# WORK TO BE COMPLETED:
Your answer should be the lines below from the one with "高效冷凝、減少污染 陣列旋轉(zhuǎn)蒸發(fā)儀可以選擇 eSR" to the one with "Arriving in January", both included, given again exactly and with nothing added.

# SOURCE MATERIAL:

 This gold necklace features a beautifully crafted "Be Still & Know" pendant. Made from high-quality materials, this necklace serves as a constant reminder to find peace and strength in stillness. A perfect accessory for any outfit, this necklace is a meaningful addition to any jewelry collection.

==

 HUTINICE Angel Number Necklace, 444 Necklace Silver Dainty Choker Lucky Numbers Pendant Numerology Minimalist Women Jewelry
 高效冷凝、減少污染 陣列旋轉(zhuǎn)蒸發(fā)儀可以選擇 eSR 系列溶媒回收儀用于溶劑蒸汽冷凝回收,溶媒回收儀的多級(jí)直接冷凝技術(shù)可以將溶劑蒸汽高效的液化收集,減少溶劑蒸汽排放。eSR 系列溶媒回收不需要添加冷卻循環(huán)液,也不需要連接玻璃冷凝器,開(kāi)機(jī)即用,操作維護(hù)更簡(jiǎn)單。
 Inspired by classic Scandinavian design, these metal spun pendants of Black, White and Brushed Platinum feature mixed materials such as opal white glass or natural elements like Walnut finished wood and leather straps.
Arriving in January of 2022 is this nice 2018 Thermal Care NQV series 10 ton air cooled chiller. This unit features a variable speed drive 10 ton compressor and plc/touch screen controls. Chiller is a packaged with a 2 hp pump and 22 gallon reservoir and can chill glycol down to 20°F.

# FINISHED TASK:
 高效冷凝、減少污染 陣列旋轉(zhuǎn)蒸發(fā)儀可以選擇 eSR 系列溶媒回收儀用于溶劑蒸汽冷凝回收,溶媒回收儀的多級(jí)直接冷凝技術(shù)可以將溶劑蒸汽高效的液化收集,減少溶劑蒸汽排放。eSR 系列溶媒回收不需要添加冷卻循環(huán)液,也不需要連接玻璃冷凝器,開(kāi)機(jī)即用,操作維護(hù)更簡(jiǎn)單。
 Inspired by classic Scandinavian design, these metal spun pendants of Black, White and Brushed Platinum feature mixed materials such as opal white glass or natural elements like Walnut finished wood and leather straps.
Arriving in January of 2022 is this nice 2018 Thermal Care NQV series 10 ton air cooled chiller. This unit features a variable speed drive 10 ton compressor and plc/touch screen controls. Chiller is a packaged with a 2 hp pump and 22 gallon reservoir and can chill glycol down to 20°F.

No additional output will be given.